» Supplied data
- - - - - - -

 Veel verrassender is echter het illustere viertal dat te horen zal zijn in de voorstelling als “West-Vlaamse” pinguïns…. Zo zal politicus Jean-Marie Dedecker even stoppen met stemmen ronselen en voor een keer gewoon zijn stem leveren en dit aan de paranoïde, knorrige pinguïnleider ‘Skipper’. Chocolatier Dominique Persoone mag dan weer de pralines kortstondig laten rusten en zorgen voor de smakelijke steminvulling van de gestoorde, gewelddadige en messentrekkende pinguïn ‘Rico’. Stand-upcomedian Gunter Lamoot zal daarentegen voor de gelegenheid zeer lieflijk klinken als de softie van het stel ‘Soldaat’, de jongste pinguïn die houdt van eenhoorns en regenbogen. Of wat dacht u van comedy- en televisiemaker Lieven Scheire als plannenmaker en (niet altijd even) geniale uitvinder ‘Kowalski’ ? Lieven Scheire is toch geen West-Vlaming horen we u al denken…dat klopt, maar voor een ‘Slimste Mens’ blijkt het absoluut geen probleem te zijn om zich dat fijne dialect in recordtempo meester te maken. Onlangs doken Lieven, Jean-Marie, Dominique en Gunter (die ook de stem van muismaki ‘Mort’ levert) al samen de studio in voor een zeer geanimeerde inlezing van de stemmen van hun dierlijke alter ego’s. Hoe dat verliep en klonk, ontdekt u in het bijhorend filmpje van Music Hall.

- - - - - - -

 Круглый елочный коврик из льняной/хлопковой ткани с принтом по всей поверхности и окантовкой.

- - - - - - -

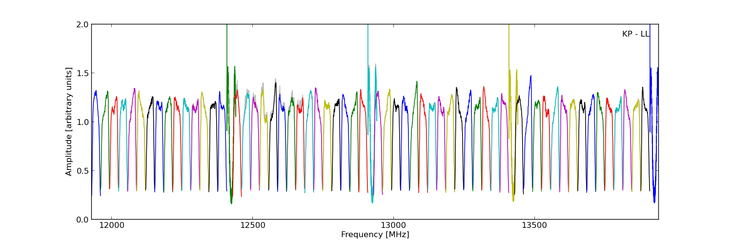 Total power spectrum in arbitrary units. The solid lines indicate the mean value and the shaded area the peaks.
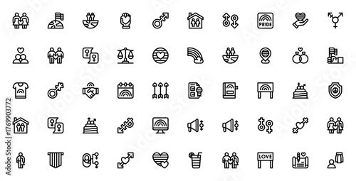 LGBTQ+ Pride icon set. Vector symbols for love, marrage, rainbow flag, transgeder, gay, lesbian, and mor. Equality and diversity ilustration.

- - - - - - -

» To do
The material above holds pictures; leave them out and set down exactly the lines from the line with "Total power spectrum" to the line with "LGBTQ+ Pride icon", both included.

» Reply
 Total power spectrum in arbitrary units. The solid lines indicate the mean value and the shaded area the peaks.
 LGBTQ+ Pride icon set. Vector symbols for love, marrage, rainbow flag, transgeder, gay, lesbian, and mor. Equality and diversity ilustration.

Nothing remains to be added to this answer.